> _DIRECTIONS FOR THIS TASK_: Leaving out the images, please reproduce each line below exactly.

(COLLECTED MATERIAL)

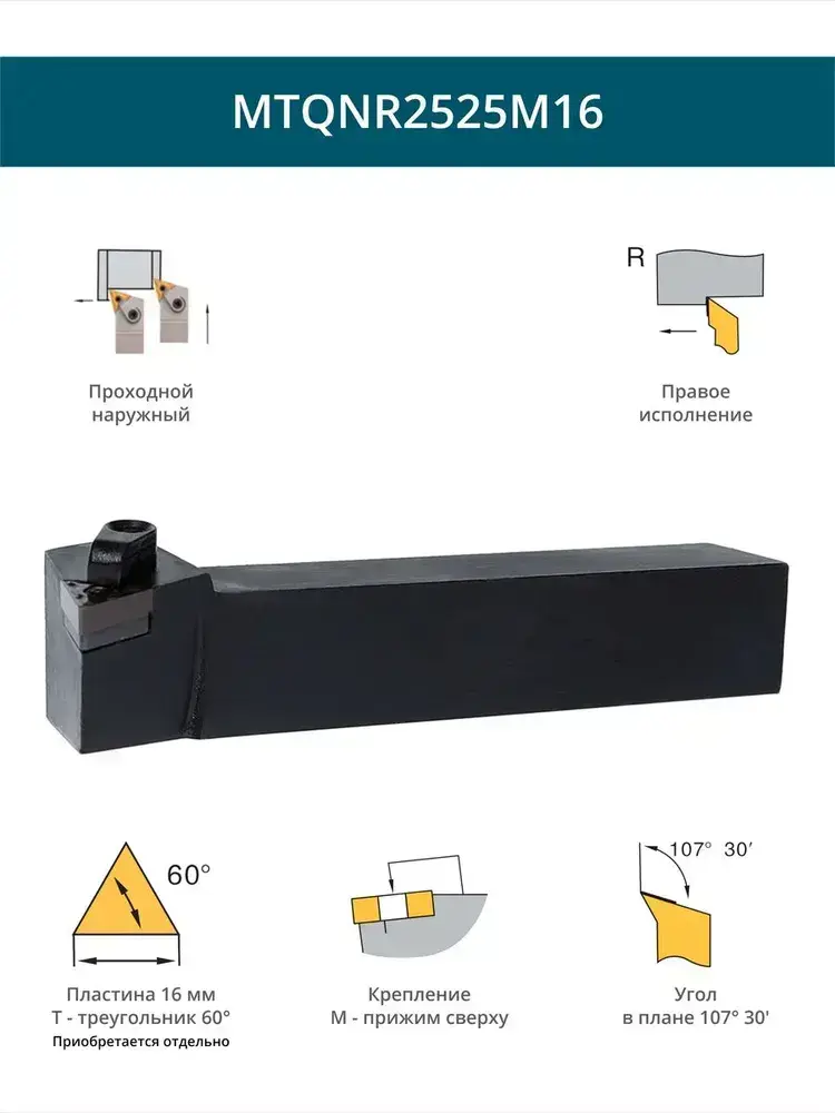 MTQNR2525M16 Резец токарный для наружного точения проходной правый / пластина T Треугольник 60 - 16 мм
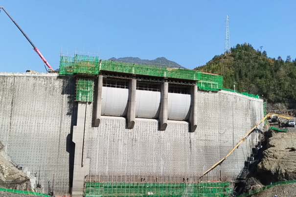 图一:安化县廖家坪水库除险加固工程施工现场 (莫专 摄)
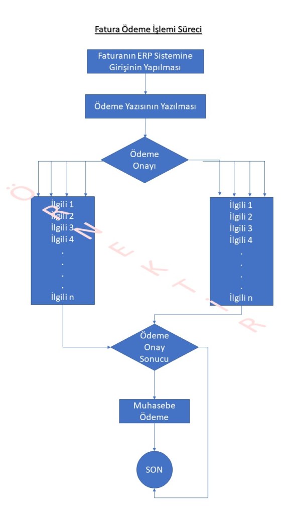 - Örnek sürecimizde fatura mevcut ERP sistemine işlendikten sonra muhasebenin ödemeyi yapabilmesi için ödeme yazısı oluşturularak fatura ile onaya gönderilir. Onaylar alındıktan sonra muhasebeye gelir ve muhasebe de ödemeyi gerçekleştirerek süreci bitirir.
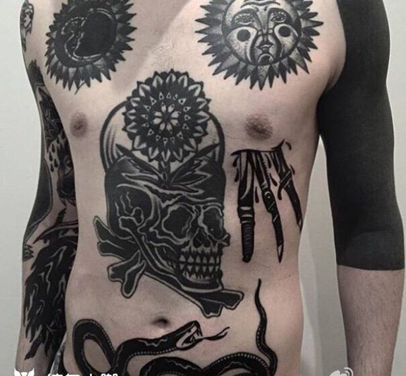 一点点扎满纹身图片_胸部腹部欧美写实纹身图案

(End COLLECTED MATERIAL)

> _EXERCISE RESPONSE_:
 MTQNR2525M16 Резец токарный для наружного точения проходной правый / пластина T Треугольник 60 - 16 мм
 图一:安化县廖家坪水库除险加固工程施工现场 (莫专 摄)
 - Örnek sürecimizde fatura mevcut ERP sistemine işlendikten sonra muhasebenin ödemeyi yapabilmesi için ödeme yazısı oluşturularak fatura ile onaya gönderilir. Onaylar alındıktan sonra muhasebeye gelir ve muhasebe de ödemeyi gerçekleştirerek süreci bitirir.
 一点点扎满纹身图片_胸部腹部欧美写实纹身图案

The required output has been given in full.